**PROBLEM:** Retype, exactly and with nothing added, the lines from the one showing "圖為團隊成員正在閱讀烈士相關的紀念文字 馮子豪 供圖" through the final line of the material. Omit pictures.

**RECORDS SUPPLIED:**

════════════════════

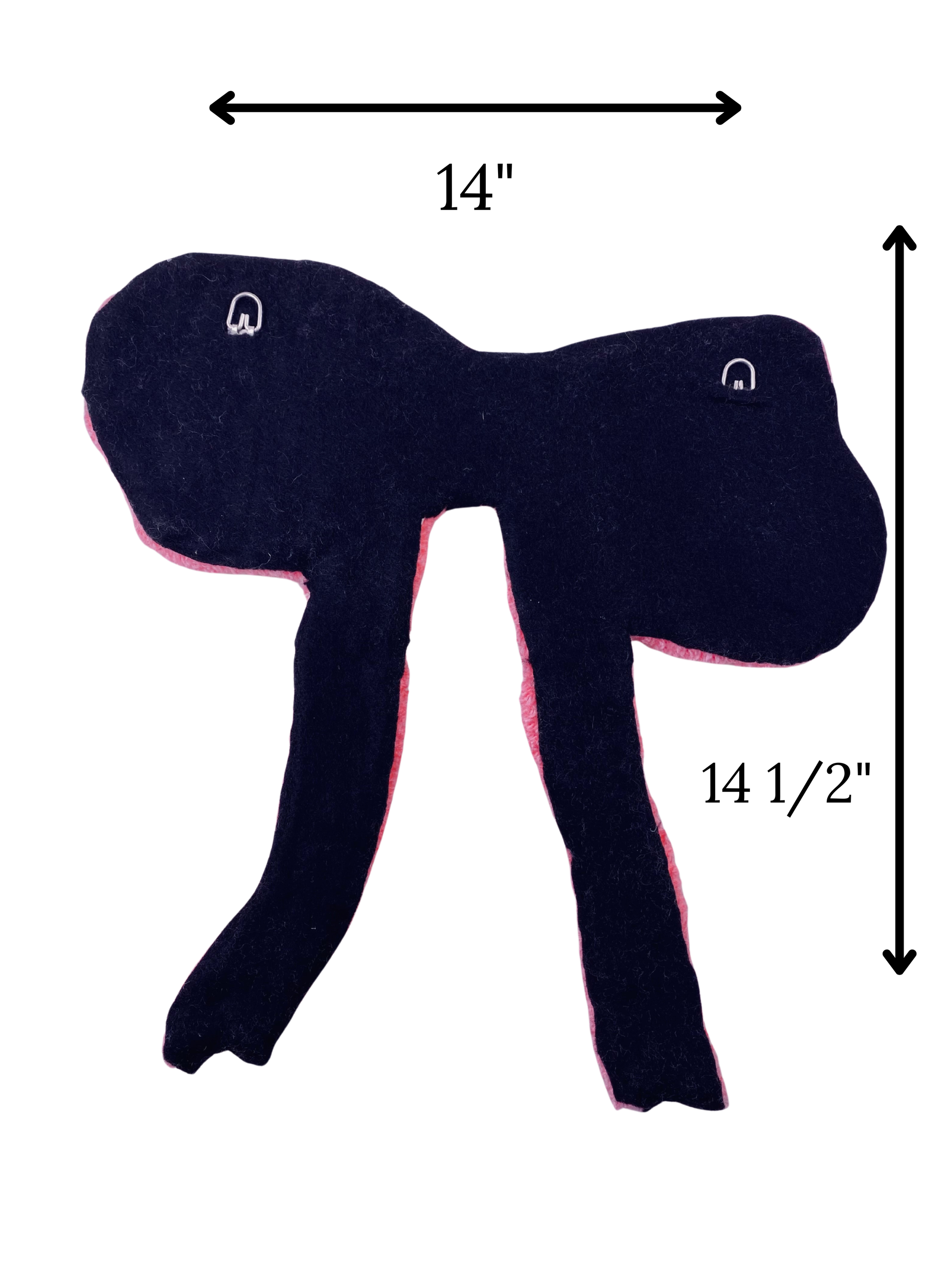 Pink Bow rug. Style your room or home with this pretty pink bow. Hand tufted, carved, glued and backed. Rug is made to hang on the wall. Size is 14 " High by 14 1/2" wide and a depth of 1" on the carpet cut pile. Rug comes with a d-rings on back for hanging.
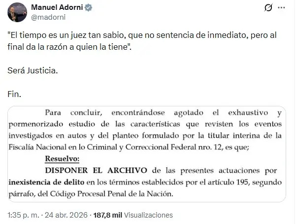 El primero en reaccionar fue Adorni, quien citó parte del fallo y publicó una contundente frase: "El tiempo es un juez tan sabio, que no sentencia de inmediato, pero al final da la razón a quien la tiene".
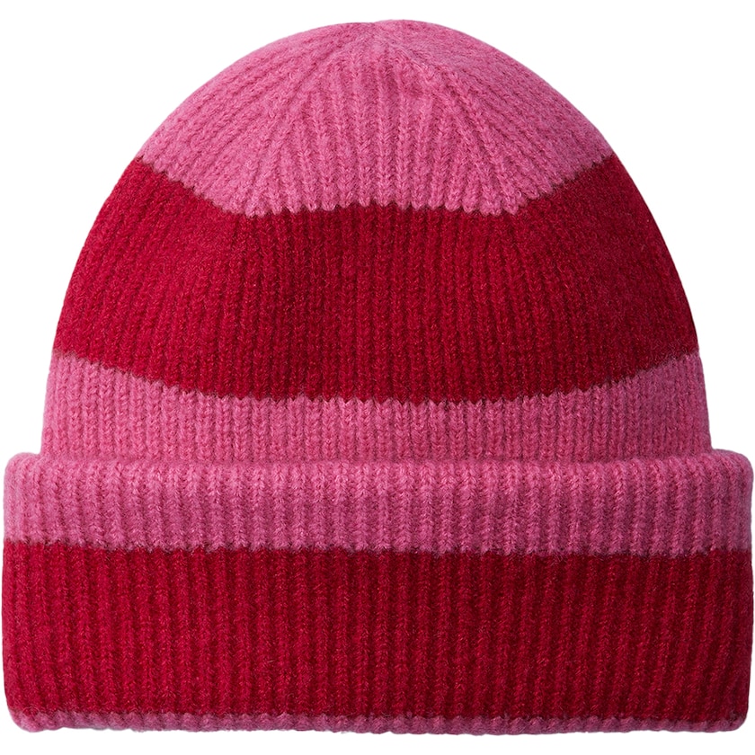 Lussuoso berretto con morbido tessuto a costine. Il berretto è realizzato in 53% poliestere, 33% nylon, 10% acrilico e 4% elastan. Il poliestere è riciclato al 50% e certificato secondo Control Union CU811033.
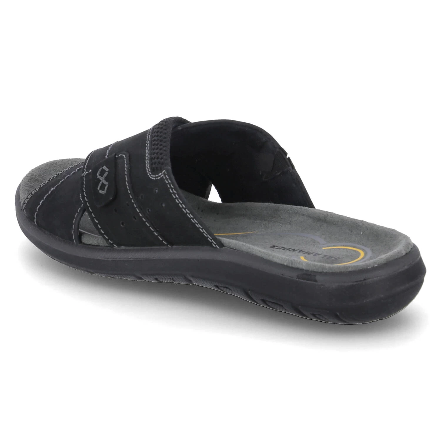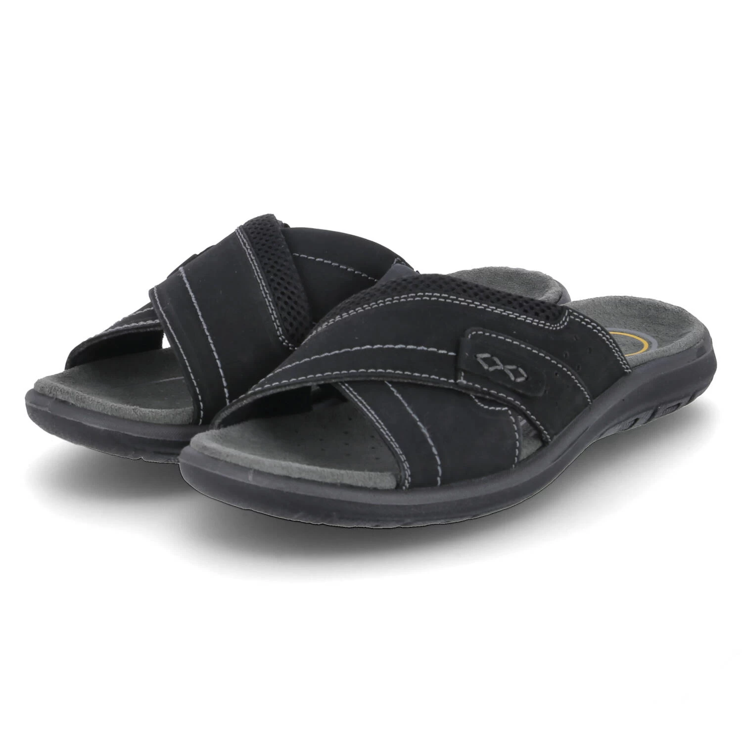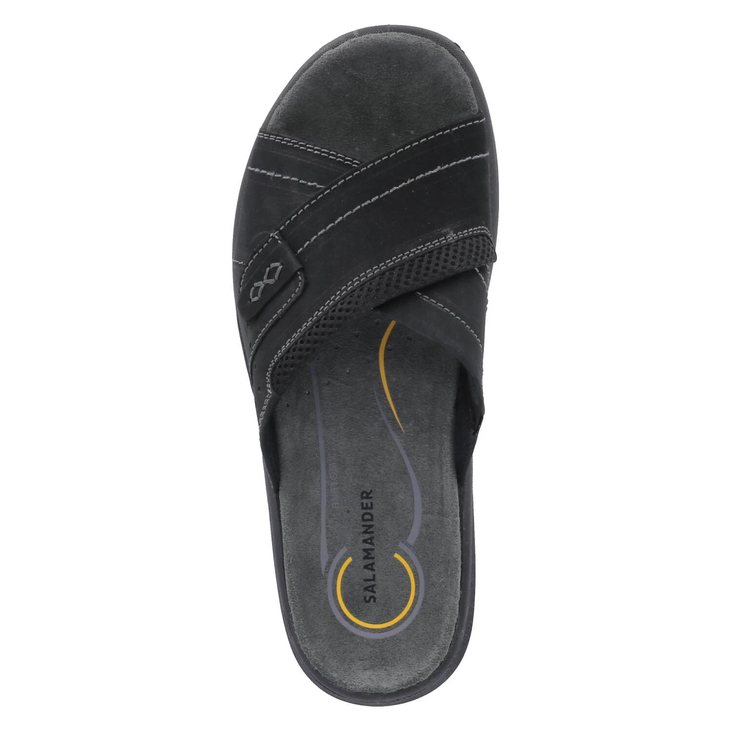 Salamander Herren Pantoletten LOGATO Schwarz Rauleder – breite, gekreuzte Riemen mit Ziernähten und seitlichem, kleinen Elastikeinsatz – vorgeformte, weiche Lederdecksohle – flexible Laufsohle mit Profil
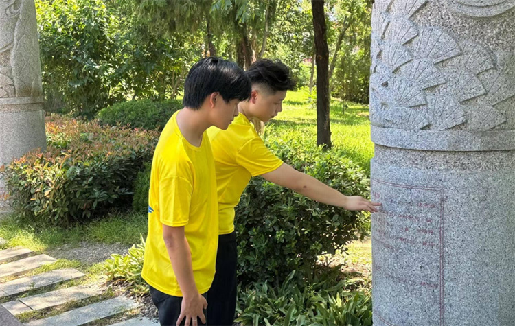 圖為團隊成員正在閱讀烈士相關的紀念文字 馮子豪 供圖
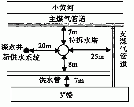 邢台矿业集团大型供水塔因扩建需要拆除。该水塔地处邢矿集团家属区,环境十分复杂(图1),水塔东侧25 m处为邢矿集团家属区支煤气管道;南侧8 m为3#楼供水管,15m处为3#住宅楼;西侧20 m为深水井及新供水系统;北侧7 m为邢台市主煤气管道。水塔为砖混结构,见图2。自下而上每5m一个钢筋混凝土圈梁,全高36 m,其中水箱高11.8 m,容积300 m3,质量285.8 t;筒体外径7 m,壁厚18 m以下为50 cm,18 m~24.2 m为37 cm,质量461.4 t。水塔建于1982年,结构完整,没有任何破坏风化痕迹,其内部有通往顶部的悬梯。

════════════════════

**ANSWER:**
 圖為團隊成員正在閱讀烈士相關的紀念文字 馮子豪 供圖
 邢台矿业集团大型供水塔因扩建需要拆除。该水塔地处邢矿集团家属区,环境十分复杂(图1),水塔东侧25 m处为邢矿集团家属区支煤气管道;南侧8 m为3#楼供水管,15m处为3#住宅楼;西侧20 m为深水井及新供水系统;北侧7 m为邢台市主煤气管道。水塔为砖混结构,见图2。自下而上每5m一个钢筋混凝土圈梁,全高36 m,其中水箱高11.8 m,容积300 m3,质量285.8 t;筒体外径7 m,壁厚18 m以下为50 cm,18 m~24.2 m为37 cm,质量461.4 t。水塔建于1982年,结构完整,没有任何破坏风化痕迹,其内部有通往顶部的悬梯。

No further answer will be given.